My grandmother serves this as a canapé with generous helpings of Champagne* for aperitif at all family gatherings and it is one of my firm favourites.

*For the family champagne favourite treat yourself to a trip to Mutigny in the Champagne region in France and visit the Serge Humbert vineyard where you can buys great Champagne by the case for between 10-16 euros per bottle.

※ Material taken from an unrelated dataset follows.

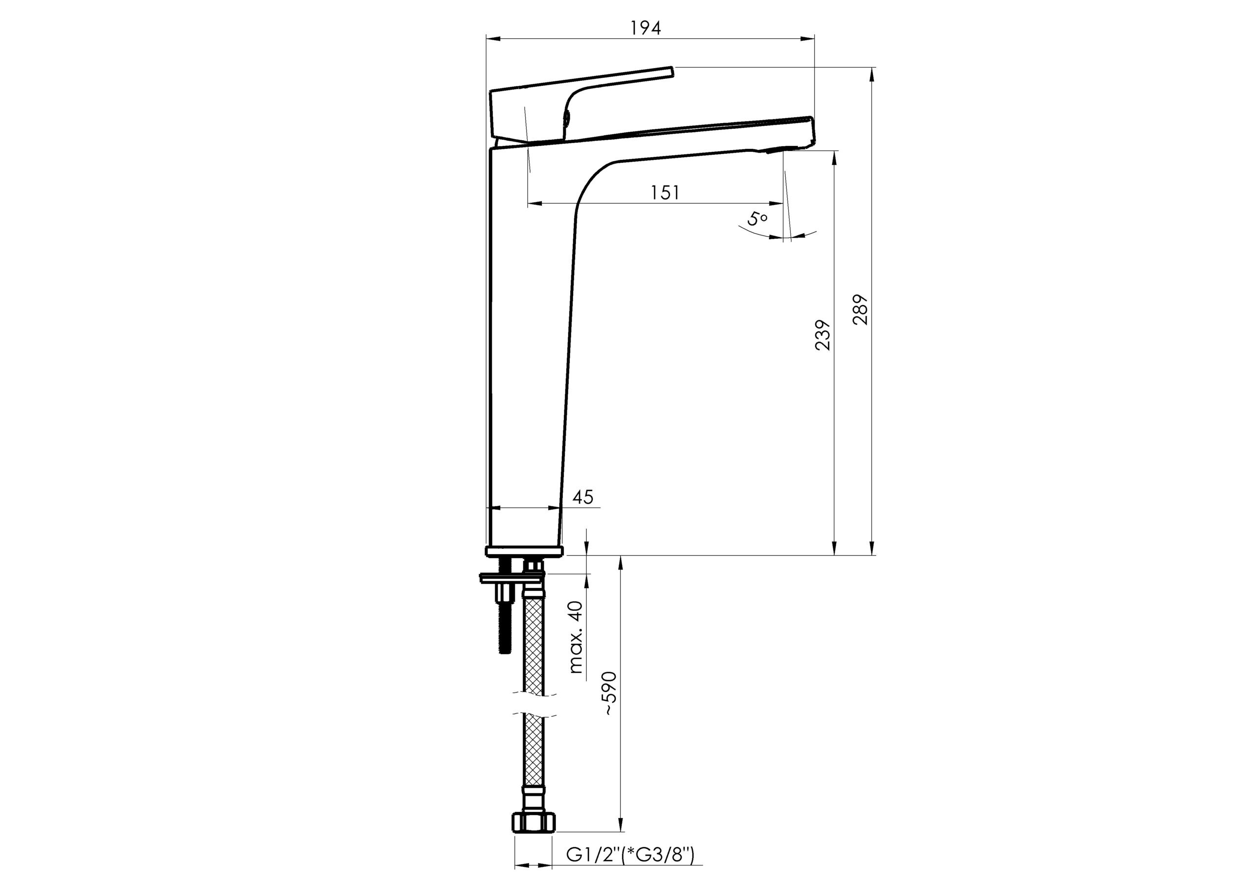 Umyvadlová vysoká baterie MODENA-18D černá:
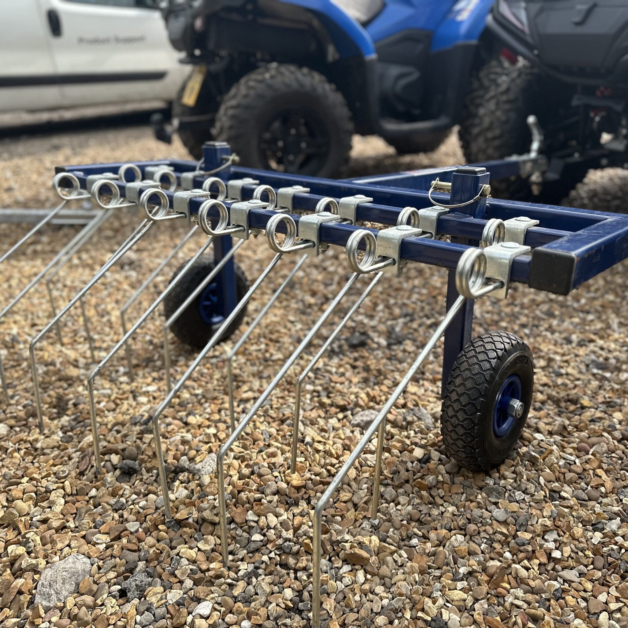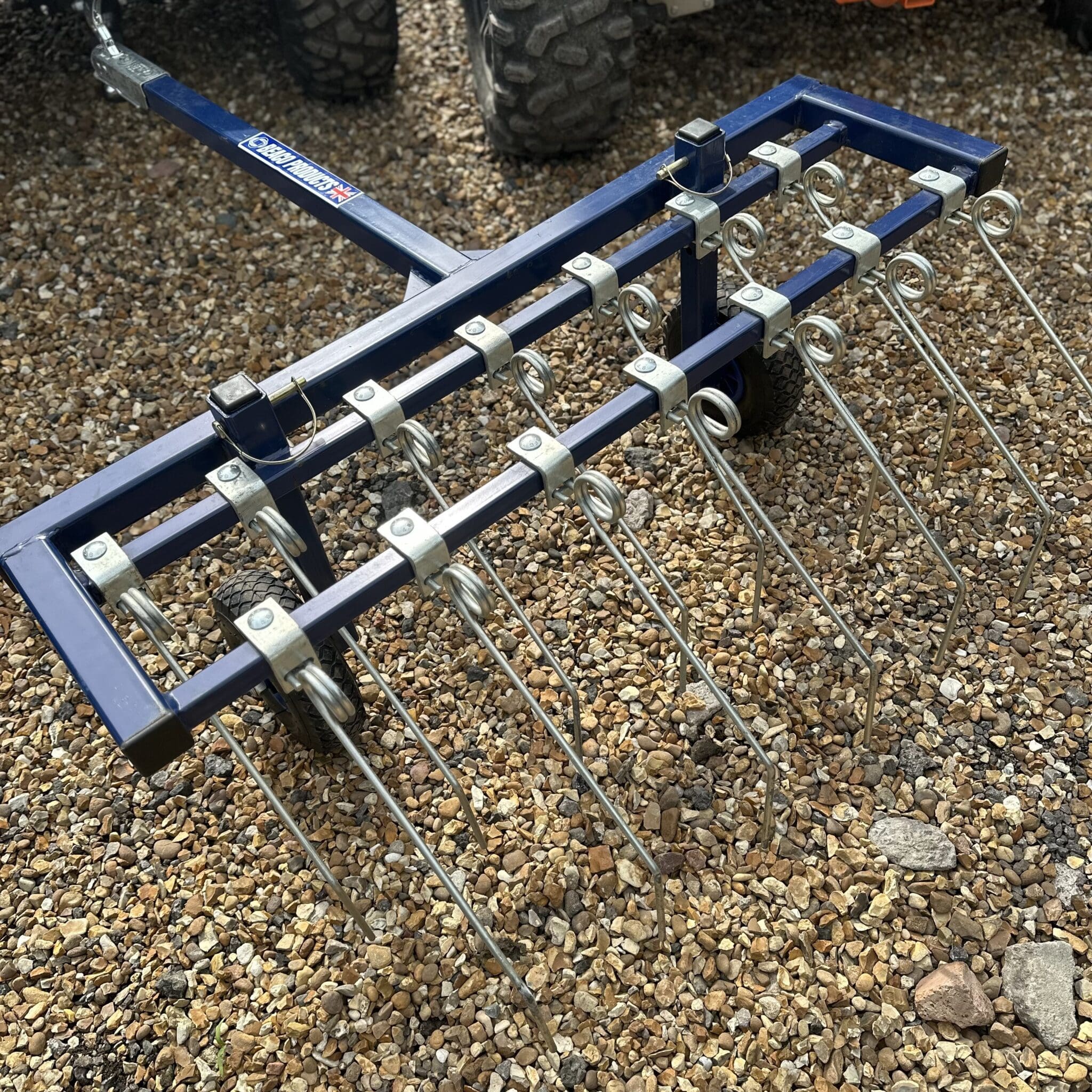 New 4Ft Wide Spring Tine Scarifier / Harrow. Perfect for Spreading Seed, Levelling Mole Hills and Dissipating Manure. Comes with Adjustable Height Wheels and Ball Hitch. Perfect for an Equestrian or Smallholder!

This is the champagne we drank at our wedding and have had rave reviews.

Preparation Time: 20 minutes Cooks in: 50 minutes Feeds: 10
Effort: Medium Price: Cheap


  • 250 grams plain flour
  • 4 eggs
  • 200 ml vegetable oil
  • 150 ml dry white wine
  • 1 small glass of vermouth
  • 200 grams green olives, stoned
  • 200 grams smoked ham or gammon slice (thick slice)
  • 150 grams grated gruyere or emmental
  • 10 grams baking powder


Preheat your oven to 200C. Grease or line a medium size loaf tin.
If you are using Gammon, lightly fry, chop and let it cool down completely before using in the recipe.
Mix the flour and whole eggs together until smooth.
Add the oil, the white wine and the vermouth.
Drain the olives well, roughly chop and add to the mix.
Dice the ham or gammon and add to the mix. Ensure this is cooled completely before adding if you cooked this previously.
Add the cheese and mix well with a spatula or a mixer on a low setting.
Lastly mix in the baking powder well with a spatula.

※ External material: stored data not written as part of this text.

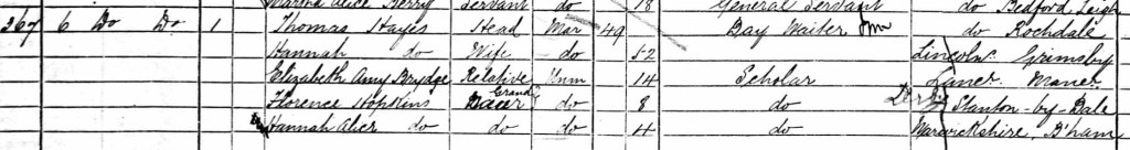 1881 England census showing Elizabeth Amy Bridge living at 6 Dawson Street, Manchester, with Thomas and Hannah Hayes
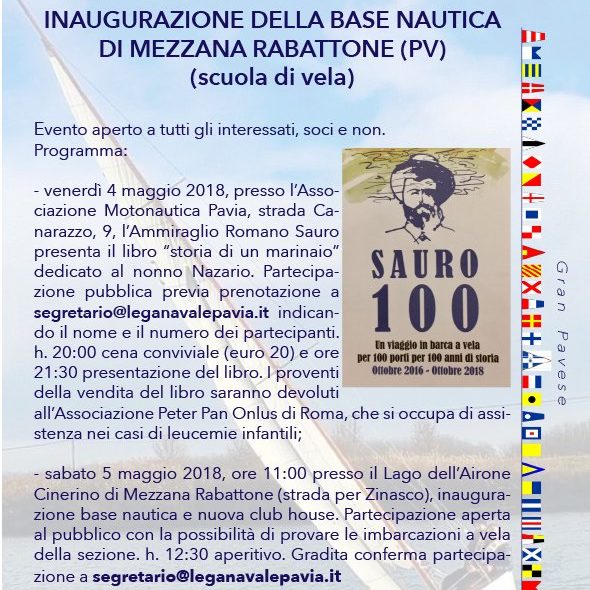 Venerdì 4 maggio 2018, presso l’Associazione Motonautica Pavia, strada Canarazzo, 9, l’Ammiraglio Romano Sauro presenta il libro “storia di un marinaio” dedicato al nonno Nazario. L’evento è pubblico e aperto a tutti. per pronotarsi inviare una mail all’indirizzo segretario@leganavalepavia.it indicando il nome e il numero dei partecipanti.questo il programma della serata:h. 20:00 cena conviviale (euro 20)h 21:30 presentazione del libro.I proventi della vendita del libro saranno devoluti all’Associazione Peter Pan Onlus di Roma, che si occupa di assistenza nei casi di leucemie infantili;
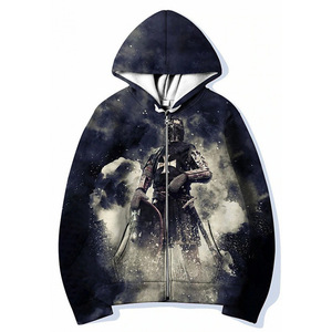 2025 クロスボーダー秋ジッパーフード付きスウェットシャツ 3D デジタル印刷メンズトレンディなルーズカジュアルスウェットシャツ
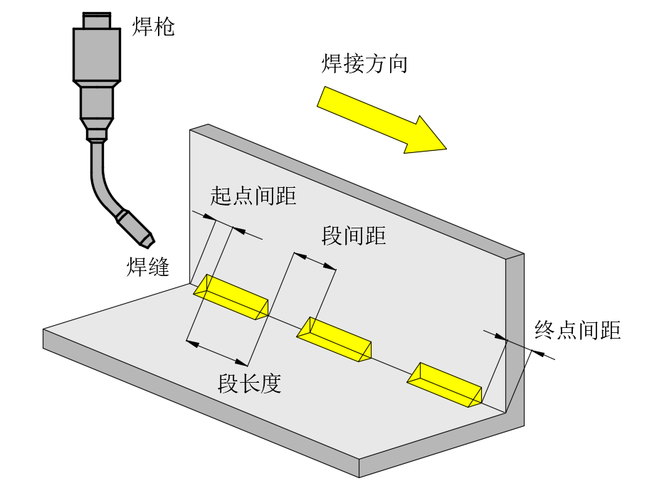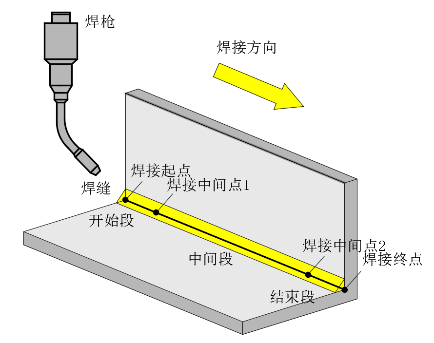 一条焊缝由四个点组成:焊接起点、焊接中间点1、焊接中间点2、焊接终点。

Pour the batter into the loaf tin ensuring you do not fill over to 2/3 the height of the mold. Clean up any spillage so that the loaf rises evenly, and sprinkle a pinch of grated cheese over the loaf. Place in the pre-heated oven and bake for 50 minutes. Insert a skewer to the centre of the loaf and if this comes out clean, your loaf is cooked. Let the loaf cool in the tin and turn out onto a cooling rack. This will be quite dark in colour on the outside and very buttery and yellow inside.

Cake Aux Olives entier
Cake Aux Olives entier

Serving Suggestion:

You can serve this hot or cold. My grandmother likes to serve this by slicing off thick slices and cutting in four, re-heating in a medium oven for 10 minutes and serving or aperitif with bubbly. Guaranteed hit with all. Alternatively it can be served with a light salad or as part of a buffet.

This can be frozen in sections until you are ready to use. Defrost thoroughly before serving.